Under profound modernization of ChME3 shunting locomotives, the transition to an AC/DC electric power drive is effective with the use of serial traction electric DC motors that are subject to significant repair, with insulation materials of the highest thermal resistance class installed as a rule. This allows the long-term current of the electric motor to be increased, increasing the locomotive’s long-term traction power by approximately 7–10%. However, losses in the electric motor occur, i.e., the decrease in the locomotive electrical traction drive’s energy efficiency.

A further increase of traction power, which is one of the critical indicators of the locomotive, is possible using more advanced traction DC motors or an electric drive based on AC motors [11,17,18,19]. Further use of DC motors can hardly be called promising, taking into account that the design of DC traction motors has almost exhausted the improvement potential nowadays, and the analysis of technical parameters of DC electric motors from various manufacturers demonstrates their almost similar level (in particular, the efficiency factor of electric motors). On the other hand, electric traction drives based on asynchronous electric motors are used by most leading manufacturers. The implementation of such motors provides high traction power, up to 70–80 kN/axis (axial loading being 250 kN), and, secondly, a high-efficiency factor of power use is ensured. However, no numerical estimation of the energy efficiency indicators obtained using an asynchronous drive is provided. Therefore, the study of the energy efficiency of a locomotive with asynchronous traction electric drive is relevant.
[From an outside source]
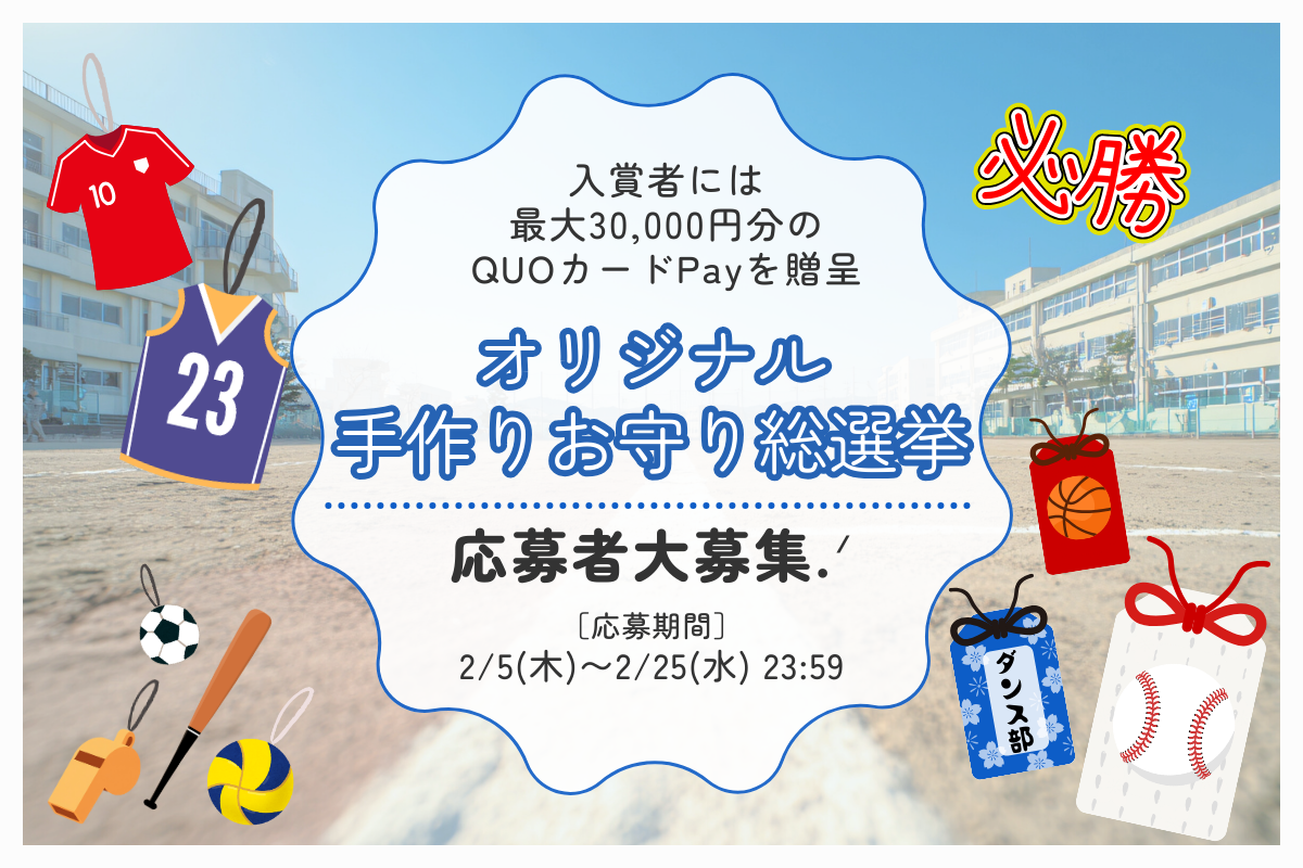 合格祈願や、発表会の成功、試合に勝つように、病気や怪我が治るように……など、願いを込めて誰かにお守りを作ったことがある人はいませんか? 高校生限定のこの公募は、手作りお守りを募集するユニークな企画。ユーザー投票によって選ばれた上位3点にQUOカード(1位は3万円分)が贈られます。画像で応募できるので、過去に作ったものでも画像があれば応募できます。

This paper aims to assess the efficiency of electric traction drives based on DC motors and asynchronous motors and determination of the areas of their application on shunting locomotives.
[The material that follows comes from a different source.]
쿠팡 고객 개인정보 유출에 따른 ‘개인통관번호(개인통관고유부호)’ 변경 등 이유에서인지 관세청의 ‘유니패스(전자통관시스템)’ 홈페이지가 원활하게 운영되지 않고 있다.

Summing up, in the available literature, it is recommended to calculate the choice of the gear ratio of the traction reducer of the locomotive based on the possibility of increasing the rotational speed. This article proposes a selection process based on energy efficiency. The analyzed literature did not consider the energy efficiency indicators for the choice of the gear ratio.

The authors tried to include new publications indexed in the Scopus and Web of Science databases in the list of references. It should be noted that private companies, which are engaged in designing asynchronous electric drives for locomotives in Ukraine, do not publish the details of their solutions. The results of such works are not available to scientists in Ukraine. Therefore, there were problems concerning access to such materials while working on the article. At the same time, the analysis of the literature presented in this article made it possible to formulate a research gap.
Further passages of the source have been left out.